Water vapour (H2O) is a significant greenhouse gas. The amount in the atmosphere depends mainly on the temperature, so that it has a gearing (amplifying/positive feedback) effect: the greater the warmth produced by atmospheric carbon dioxide, the greater the evaporation from the oceans, which tends to raise the temperature yet further. And the presence of water vapour in the atmosphere also affects the formation of clouds, whose impact on the climate is complex—both cooling (since clouds provide shade) and warming (since they keep the heat in).

In fact, both sides of the equation of forces which control atmospheric carbon dioxide levels (concentrations) are in trouble. Carbon is being emitted at the rate of about 8.7 billion tonnes per year (32 billion tonnes of carbon dioxide) by the burning of the fossil fuels (oil, gas and coal), with additions from the burning of forests and the draining of peat bogs; at the same time, the ‘sinks’ which take it out of the atmosphere (such as absorption by plants and oceans) are diminishing.C102

Throughout the history of the Earth, the quantity of carbon dioxide in the atmosphere has varied widely and often, but there has been a pattern to it. Since the beginning of the more recent “ice ages” starting some 2.9 million years ago—actually a series of ice ages and interglacials, with each cycle lasting some 100,000 years—the quantity has been about 400 billion tonnes during the cold periods (the glaciations), and 600 billion tonnes during the warm periods (the interglacials). But that long-lived oscillation between deep cold and tolerable warmth may now have ended for a time. There are now more than 800 billion tonnes of carbon dioxide in the atmosphere, and rising.C103

For the last twenty years, the implications of all this have been monitored in detail by the Intergovernmental Panel on Climate Change. It was set up in 1988, and it has published major bodies of work—its Assessment Reports—in 1990, 1995, 2001 and 2007: landmark studies with wide (unpaid) participation. Now, time-lags are inevitable between the time of a scientific advance and the time when it is considered suitable for publication in a report.
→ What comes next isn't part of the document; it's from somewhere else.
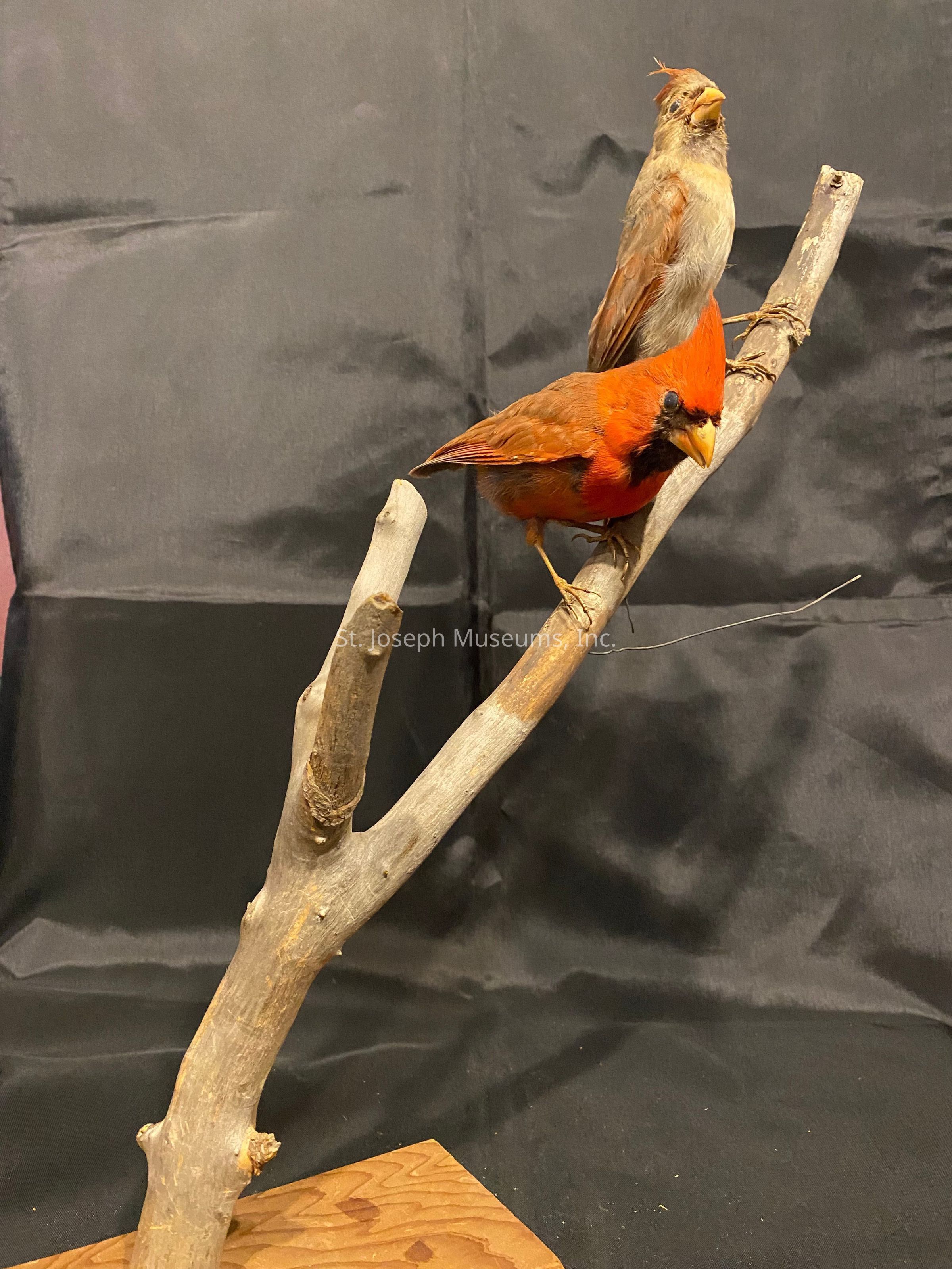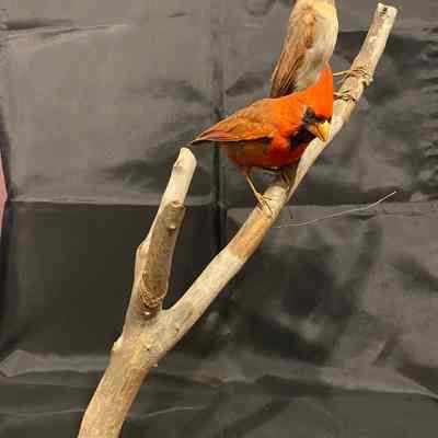 Northern Cardinal/mounted on wooden base & branch Sex of Specimen: Male

Often, the most important insights are those which it is hardest to be certain about, and which may take many years to bring up to the level of verification which the IPCC ranks as “very likely”, or justifying “high confidence”. There is therefore a conservative bias in its work, but it nonetheless sets a standard and provides a common point of reference.C104

In its 2007 report, the IPCC supplied estimates of the reduction in global emissions of carbon dioxide that would be required to maintain concentrations in the atmosphere within approximately the range in which we are now—350–400 parts per million (ppm). In order to achieve this, the IPCC finds that emissions of carbon dioxide would have to peak by 2015 and be reduced by between 50% and 85% (relative to 2000 levels) by 2050. The report adds that, even if this were achieved, the global mean temperature of the planet would continue to rise from the present 0.8°C above the pre-industrial equilibrium level, eventually settling at a new long-term equilibrium between 2°C and 2.4°C hotter.C105

We have a comment on the implications of temperature rise from the climate scientist James Hansen. Hansen’s projections of the consequences are not shared by the majority of climate scientists, but they do tell us something about the range of possibilities being debated at present:

Global warming of 2–3°C above the present temperature [i.e., 2.8–3.8°C above pre-industrial levels] would produce a planet without Arctic sea-ice, a catastrophic sea level rise in the pipeline of around 25 metres, and a super drought in the American West, southern Europe, the Middle East and parts of Africa.C106

Now, it is for the reader of the IPCC’s work to make his or her own judgment about its conclusions on the temperature rises in prospect. The starting point is to note that the IPCC’s work is based on a combination of good data and good modelling. Its quality is explicitly discussed in the report, which gives three reasons to believe that the modelling is sound. First, it is based on established physical laws, such as the conservation of mass, energy and momentum, along with a wealth of observations. Secondly, it can predict events in the present climate in some detail, such as monsoon patterns and regional changes in temperature and pressure. Thirdly, the modelling performs well not only when it is asked to reproduce the essential features of the climate in the recent past, but also, in broad terms, older changes such as ocean temperatures during the last glaciation. The modelling is criticised by climate contrarians on the grounds that the science is biased by political pressure, by the system of grants that are more available to research which shows that there is a problem than to research that concludes that everything is just fine, and by the money to be made out of responses such as international carbon credits. It would be surprising if climate science were an exception to the rule that everything that can be exploited will be exploited, but the field of climate and paleoclimate is one of the most brilliant and necessary that has been opened up by science, and this is reflected in the modelling and in the current imperfect but impressive understanding of our planet as a dynamic living system.C107

And yet, there is a problem here. The problem is not that the models may be exaggerating the changes in prospect, but that they may be underestimating them. Here are three things to consider:

1. Feedbacks

There can be positive (amplifying) and negative (damping) feedbacks in any system, where each effect knocks on to other effects which intensify, or reduce, the consequences. Negative feedbacks in the climate system include the stimulating effect of higher levels of CO2 on the growth of plants, and the rise in the amount of dust in the atmosphere—produced by industrial activity, drought and loss of vegetation—reducing the amount of sunlight that penetrates. But such effects are recognised to be short-lived: the effect of CO2 on plants peaks, easing off as concentrations rise, and the dust would clear after a week or two if industrial activity were to cease. The feedbacks that are most evident and likely to have the greatest impact are positive feedbacks.C108

Positive feedbacks are difficult to model. First, there are a lot of them, and they include events which no one has thought of, and about which we know little. One example is the recent realisation that, as the ice sheets of Greenland melt, water pours down to the bed rock, creating a slippery surface which could enable very large sheets of ice to slide off into the sea, so that the melting of Greenland could unfold much faster than had been thought.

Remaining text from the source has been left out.